*** Begin section ***
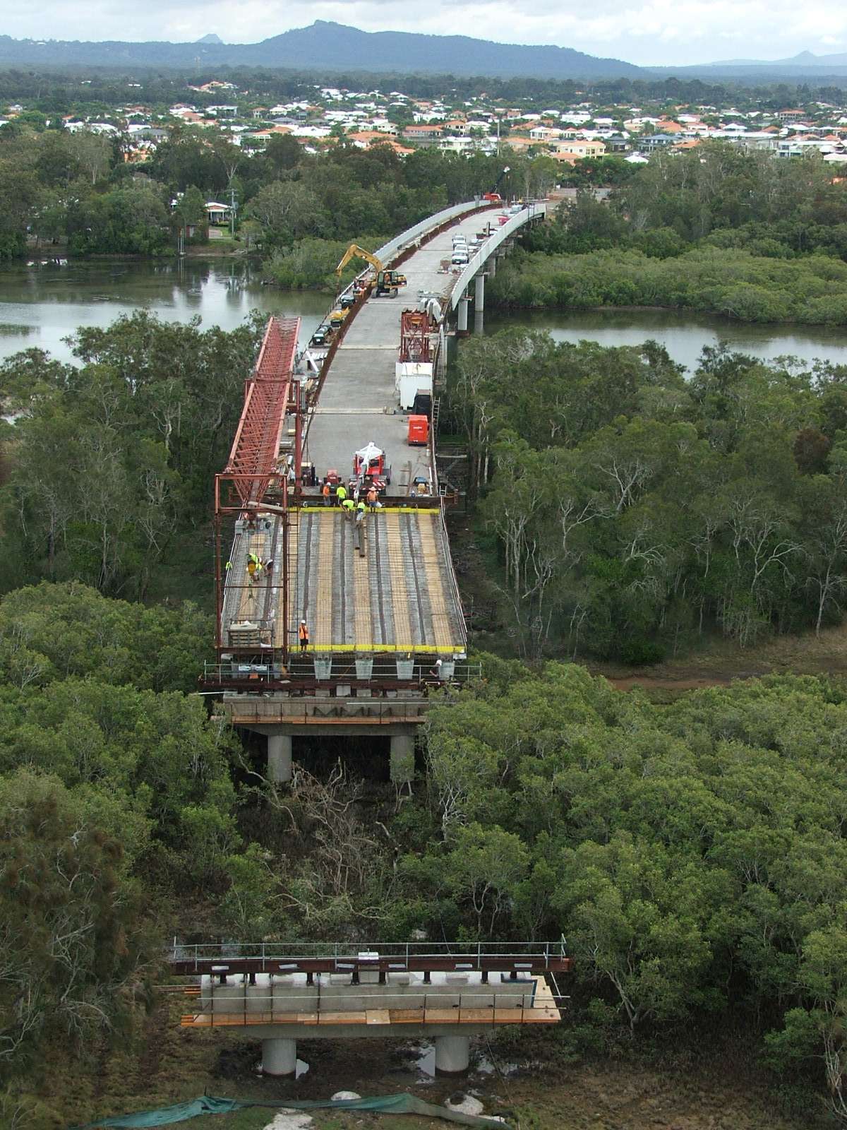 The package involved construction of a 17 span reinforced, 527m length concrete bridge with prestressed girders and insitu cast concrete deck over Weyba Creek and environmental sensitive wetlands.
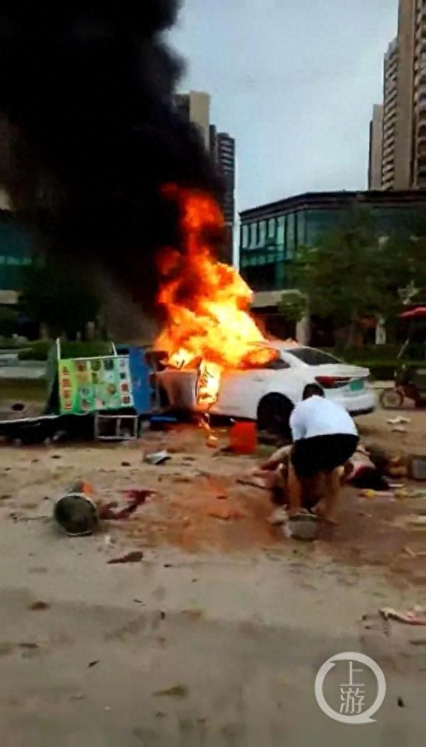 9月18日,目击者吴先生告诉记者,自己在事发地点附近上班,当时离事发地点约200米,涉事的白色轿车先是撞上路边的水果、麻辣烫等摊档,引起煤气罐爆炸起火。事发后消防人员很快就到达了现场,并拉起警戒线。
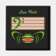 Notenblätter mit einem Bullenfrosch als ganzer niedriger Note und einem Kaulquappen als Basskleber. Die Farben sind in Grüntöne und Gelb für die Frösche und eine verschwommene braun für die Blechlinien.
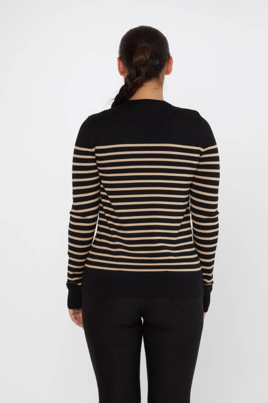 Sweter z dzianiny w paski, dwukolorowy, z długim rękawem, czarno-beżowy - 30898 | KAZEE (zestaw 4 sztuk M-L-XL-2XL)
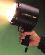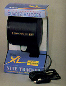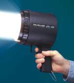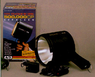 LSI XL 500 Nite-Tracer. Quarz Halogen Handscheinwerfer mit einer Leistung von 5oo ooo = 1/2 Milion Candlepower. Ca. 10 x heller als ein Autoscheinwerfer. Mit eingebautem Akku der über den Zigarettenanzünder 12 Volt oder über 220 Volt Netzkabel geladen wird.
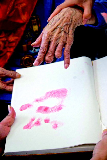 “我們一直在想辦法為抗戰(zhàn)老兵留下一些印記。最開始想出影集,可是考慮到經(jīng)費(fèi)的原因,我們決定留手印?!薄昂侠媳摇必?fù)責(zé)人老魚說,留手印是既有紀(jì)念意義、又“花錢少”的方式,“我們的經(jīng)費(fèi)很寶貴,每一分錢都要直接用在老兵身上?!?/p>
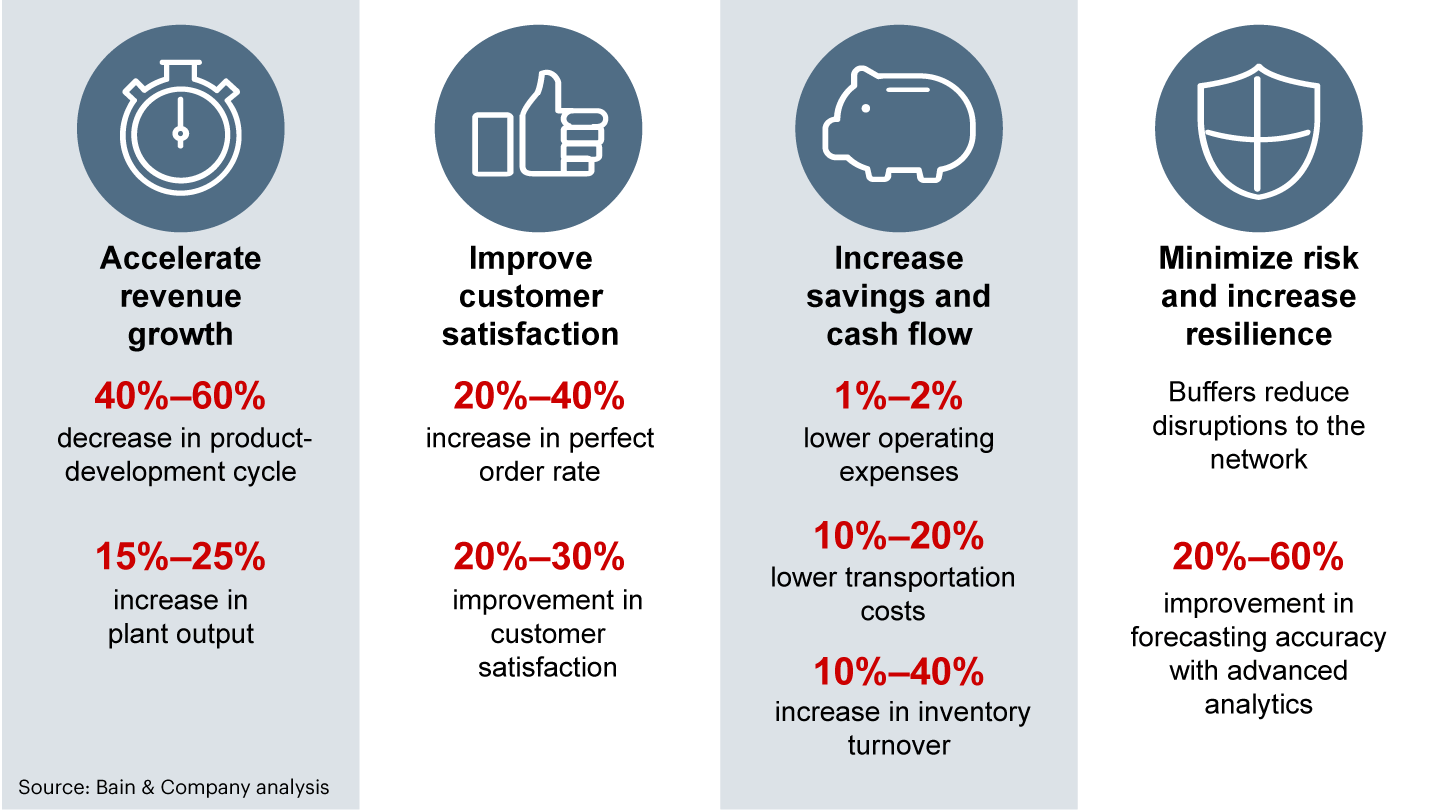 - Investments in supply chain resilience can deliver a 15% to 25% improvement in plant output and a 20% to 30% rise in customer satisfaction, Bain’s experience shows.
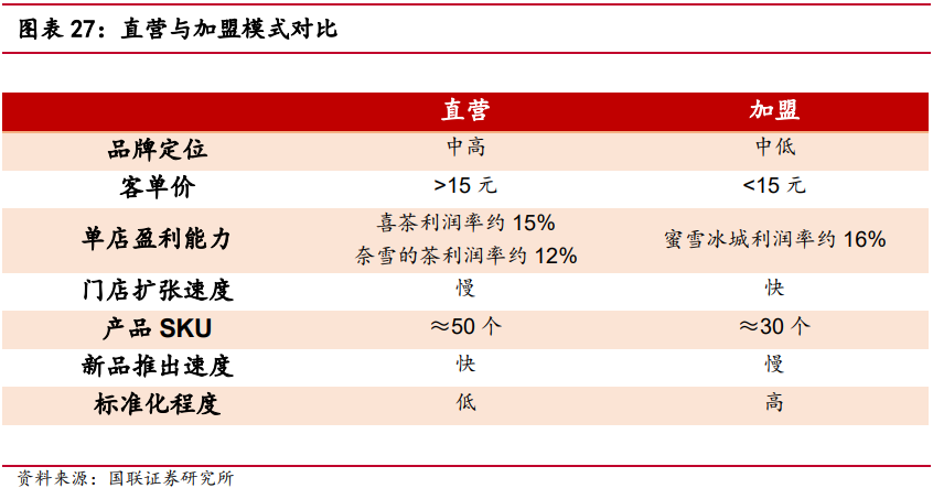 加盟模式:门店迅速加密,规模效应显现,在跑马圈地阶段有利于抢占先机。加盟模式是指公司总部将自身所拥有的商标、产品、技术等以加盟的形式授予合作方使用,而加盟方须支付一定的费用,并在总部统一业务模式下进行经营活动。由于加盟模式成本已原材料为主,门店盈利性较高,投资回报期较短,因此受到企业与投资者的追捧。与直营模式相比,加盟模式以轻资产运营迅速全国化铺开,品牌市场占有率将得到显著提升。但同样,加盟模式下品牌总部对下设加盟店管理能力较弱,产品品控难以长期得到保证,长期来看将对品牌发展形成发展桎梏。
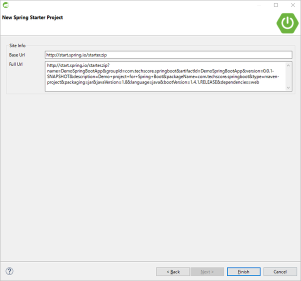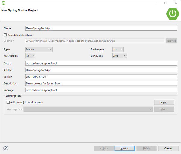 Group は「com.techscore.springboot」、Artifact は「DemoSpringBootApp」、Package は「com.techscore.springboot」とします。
*** End section ***
Each line of the data above must be repeated exactly, images excluded.

 The package involved construction of a 17 span reinforced, 527m length concrete bridge with prestressed girders and insitu cast concrete deck over Weyba Creek and environmental sensitive wetlands.
 9月18日,目击者吴先生告诉记者,自己在事发地点附近上班,当时离事发地点约200米,涉事的白色轿车先是撞上路边的水果、麻辣烫等摊档,引起煤气罐爆炸起火。事发后消防人员很快就到达了现场,并拉起警戒线。
 Notenblätter mit einem Bullenfrosch als ganzer niedriger Note und einem Kaulquappen als Basskleber. Die Farben sind in Grüntöne und Gelb für die Frösche und eine verschwommene braun für die Blechlinien.
 Sweter z dzianiny w paski, dwukolorowy, z długim rękawem, czarno-beżowy - 30898 | KAZEE (zestaw 4 sztuk M-L-XL-2XL)
 LSI XL 500 Nite-Tracer. Quarz Halogen Handscheinwerfer mit einer Leistung von 5oo ooo = 1/2 Milion Candlepower. Ca. 10 x heller als ein Autoscheinwerfer. Mit eingebautem Akku der über den Zigarettenanzünder 12 Volt oder über 220 Volt Netzkabel geladen wird.
 “我們一直在想辦法為抗戰(zhàn)老兵留下一些印記。最開始想出影集,可是考慮到經(jīng)費(fèi)的原因,我們決定留手印?!薄昂侠媳摇必?fù)責(zé)人老魚說,留手印是既有紀(jì)念意義、又“花錢少”的方式,“我們的經(jīng)費(fèi)很寶貴,每一分錢都要直接用在老兵身上?!?/p>
 - Investments in supply chain resilience can deliver a 15% to 25% improvement in plant output and a 20% to 30% rise in customer satisfaction, Bain’s experience shows.
 加盟模式:门店迅速加密,规模效应显现,在跑马圈地阶段有利于抢占先机。加盟模式是指公司总部将自身所拥有的商标、产品、技术等以加盟的形式授予合作方使用,而加盟方须支付一定的费用,并在总部统一业务模式下进行经营活动。由于加盟模式成本已原材料为主,门店盈利性较高,投资回报期较短,因此受到企业与投资者的追捧。与直营模式相比,加盟模式以轻资产运营迅速全国化铺开,品牌市场占有率将得到显著提升。但同样,加盟模式下品牌总部对下设加盟店管理能力较弱,产品品控难以长期得到保证,长期来看将对品牌发展形成发展桎梏。
 Group は「com.techscore.springboot」、Artifact は「DemoSpringBootApp」、Package は「com.techscore.springboot」とします。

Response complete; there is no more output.